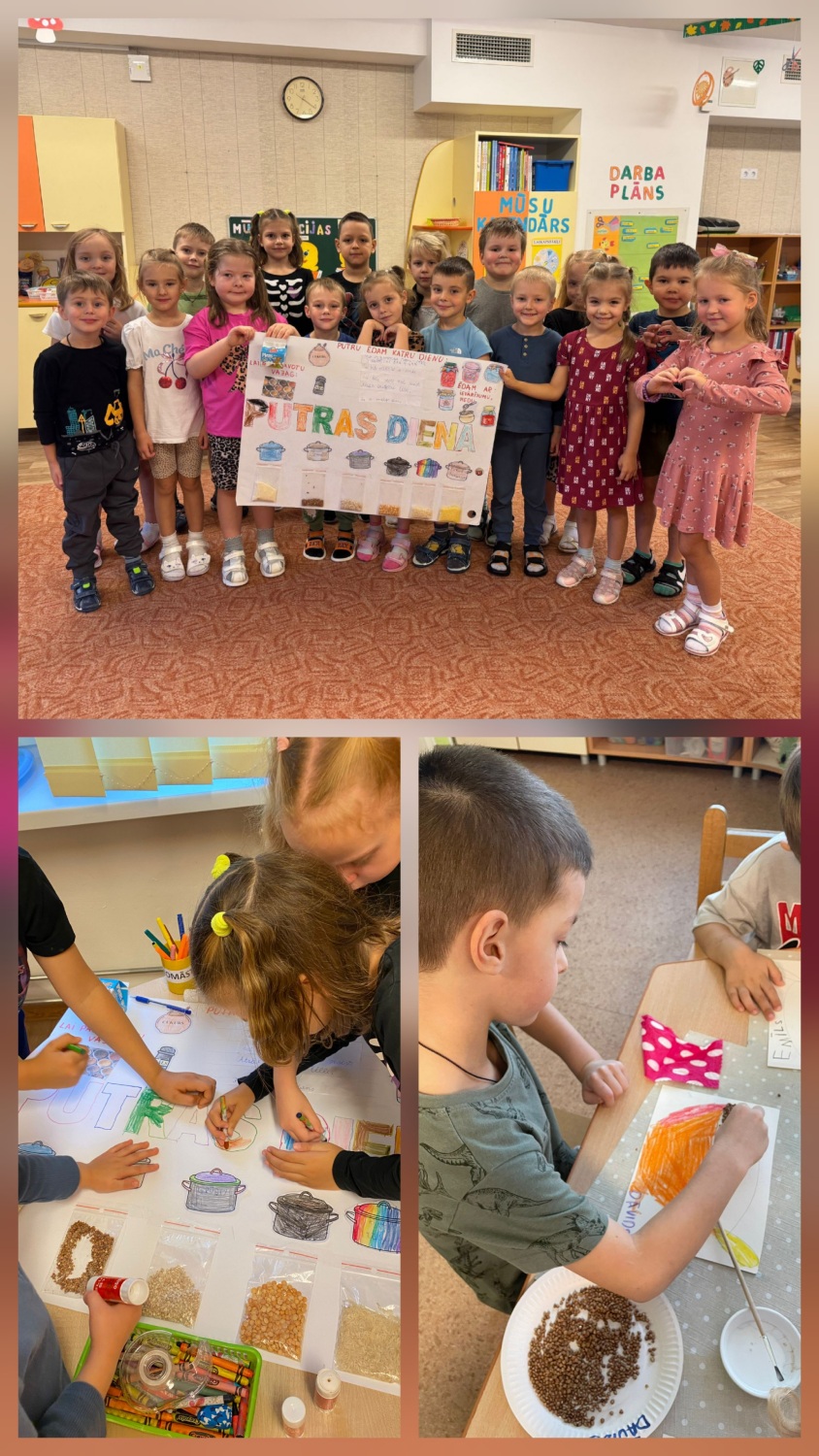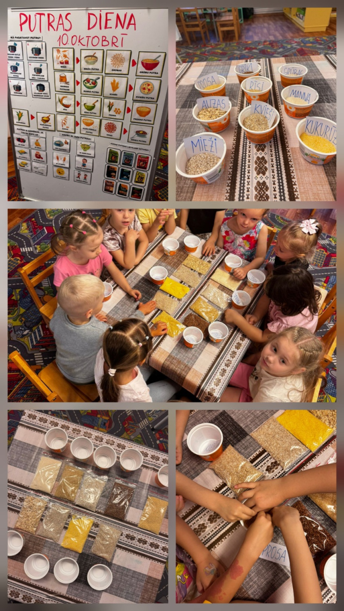 Šodien visās pirmsskolas grupās valdīja īsta “putras noskaņa” – bērni svēra putraimus, zīmēja un līmēja, veidojot savu gardāko putras šķīvi, iepazinās ar receptēm un piedalījās putras gatavošanā. Mazie pavāri mācījās mērīt sastāvdaļas, skaitīt, dalīt vienādās (un arī nevienādās) daļās, salīdzināt un plānot, tādējādi praktiski apgūstot matemātikas un loģiskās domāšanas prasmes rotaļu veidā. Daudzi bērni ar lepnumu atzina – tagad mājās putru ēdīs vēl biežāk, jo pašu gatavotā taču ir visgardākā! Rotaļnodarbību laikā bērni arī iepazinās ar graudaugu daudzveidību – auzām, miežiem, griķiem, kviešiem un citiem, pārrunājot, kā katrs no tiem palīdz augt stipriem un veseliem. No veselības viedokļa putra ir viens no ieteicamākajiem brokastu ēdieniem – tā palīdz uzturēt stabilu enerģijas līmeni, uzlabo gremošanu un stiprina imunitāti. Uztura speciālisti uzsver, ka graudaugi ir īpaši svarīgi bērnu augšanas un attīstības periodā, jo tie satur B grupas vitamīnus, minerālvielas un šķiedrvielas. Diena aizritēja radošā un sirsnīgā gaisotnē – bērni mācījās, darbojās un ar prieku atklāja, cik interesanti ir iepazīt veselīga uztura pasauli.
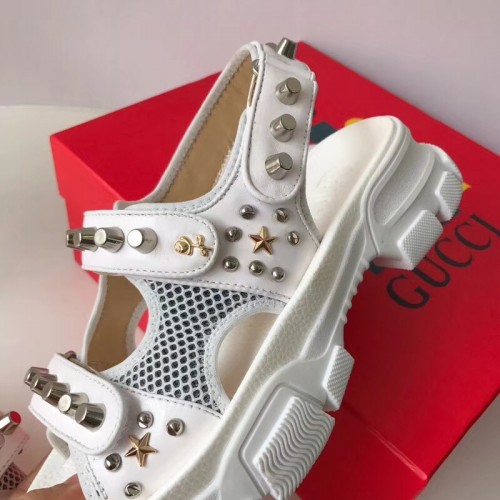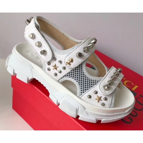 Gucci Leather And Mesh Sandals With Studs 546073 White 2019
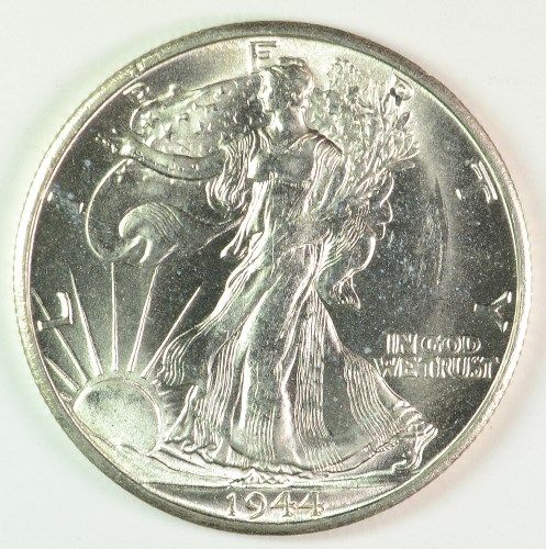 1944-S WALKING LIBERTY HALF DOLLAR, MS-64 BLAST WHITE
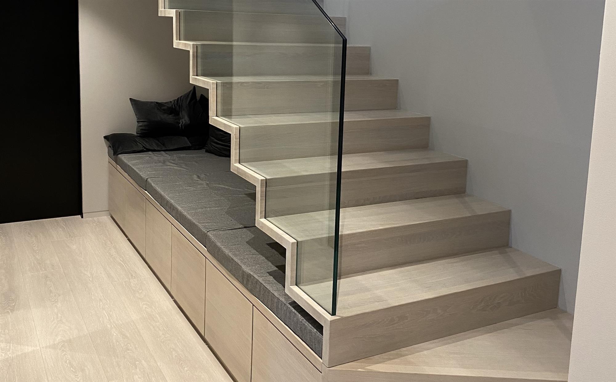 I flere prosjekter har vi for eksempel bidratt med å tenke nytt rundt rekkverk. I stedet for å velge en tradisjonell løsning med spilerekkverk for å beskytte mot fall ned i trapperommet, har vi laget oppbevaringsløsninger som også fungerer som rekkverk. På bildet under ser du et eksempel fra ett av prosjektene våre, der kunden både har fått mye oppbevaringsplass og et stilrent utseende. I dette prosjektet er det brukt hardvoksoljet eik til både trapp og møbler. Utformingen av møblene er gjort i et samarbeid med kundens interiørarkitekt, Lantz Arkitekter.
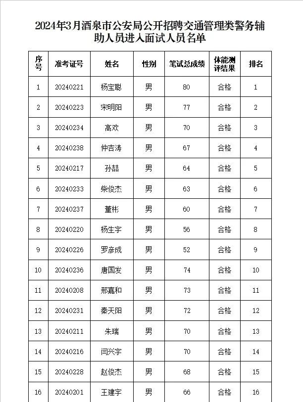 酒泉市公安局公开招聘交通管理类警务辅助人员面试工作定于2024年3月9日上午进行。
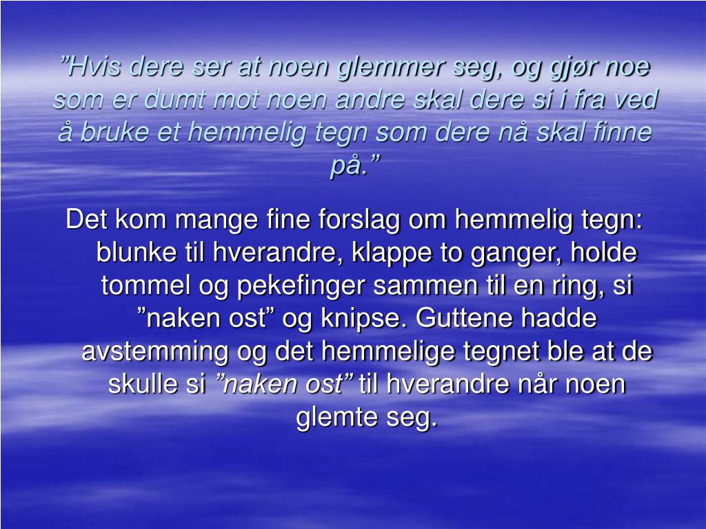”Hvis dere ser at noen glemmer seg, og gjør noe som er dumt mot noen andre skal dere si i fra ved å bruke et hemmelig tegn som dere nå skal finne på.” Det kom mange fine forslag om hemmelig tegn: blunke til hverandre, klappe to ganger, holde tommel og pekefinger sammen til en ring, si ”naken ost” og knipse. Guttene hadde avstemming og det hemmelige tegnet ble at de skulle si ”naken ost” til hverandre når noen glemte seg.

----

-- Task to complete --
Return the data word for word without its pictures.

-- Solution for this problem --
 Šodien visās pirmsskolas grupās valdīja īsta “putras noskaņa” – bērni svēra putraimus, zīmēja un līmēja, veidojot savu gardāko putras šķīvi, iepazinās ar receptēm un piedalījās putras gatavošanā. Mazie pavāri mācījās mērīt sastāvdaļas, skaitīt, dalīt vienādās (un arī nevienādās) daļās, salīdzināt un plānot, tādējādi praktiski apgūstot matemātikas un loģiskās domāšanas prasmes rotaļu veidā. Daudzi bērni ar lepnumu atzina – tagad mājās putru ēdīs vēl biežāk, jo pašu gatavotā taču ir visgardākā! Rotaļnodarbību laikā bērni arī iepazinās ar graudaugu daudzveidību – auzām, miežiem, griķiem, kviešiem un citiem, pārrunājot, kā katrs no tiem palīdz augt stipriem un veseliem. No veselības viedokļa putra ir viens no ieteicamākajiem brokastu ēdieniem – tā palīdz uzturēt stabilu enerģijas līmeni, uzlabo gremošanu un stiprina imunitāti. Uztura speciālisti uzsver, ka graudaugi ir īpaši svarīgi bērnu augšanas un attīstības periodā, jo tie satur B grupas vitamīnus, minerālvielas un šķiedrvielas. Diena aizritēja radošā un sirsnīgā gaisotnē – bērni mācījās, darbojās un ar prieku atklāja, cik interesanti ir iepazīt veselīga uztura pasauli.
 Gucci Leather And Mesh Sandals With Studs 546073 White 2019
 1944-S WALKING LIBERTY HALF DOLLAR, MS-64 BLAST WHITE
 I flere prosjekter har vi for eksempel bidratt med å tenke nytt rundt rekkverk. I stedet for å velge en tradisjonell løsning med spilerekkverk for å beskytte mot fall ned i trapperommet, har vi laget oppbevaringsløsninger som også fungerer som rekkverk. På bildet under ser du et eksempel fra ett av prosjektene våre, der kunden både har fått mye oppbevaringsplass og et stilrent utseende. I dette prosjektet er det brukt hardvoksoljet eik til både trapp og møbler. Utformingen av møblene er gjort i et samarbeid med kundens interiørarkitekt, Lantz Arkitekter.
 酒泉市公安局公开招聘交通管理类警务辅助人员面试工作定于2024年3月9日上午进行。
”Hvis dere ser at noen glemmer seg, og gjør noe som er dumt mot noen andre skal dere si i fra ved å bruke et hemmelig tegn som dere nå skal finne på.” Det kom mange fine forslag om hemmelig tegn: blunke til hverandre, klappe to ganger, holde tommel og pekefinger sammen til en ring, si ”naken ost” og knipse. Guttene hadde avstemming og det hemmelige tegnet ble at de skulle si ”naken ost” til hverandre når noen glemte seg.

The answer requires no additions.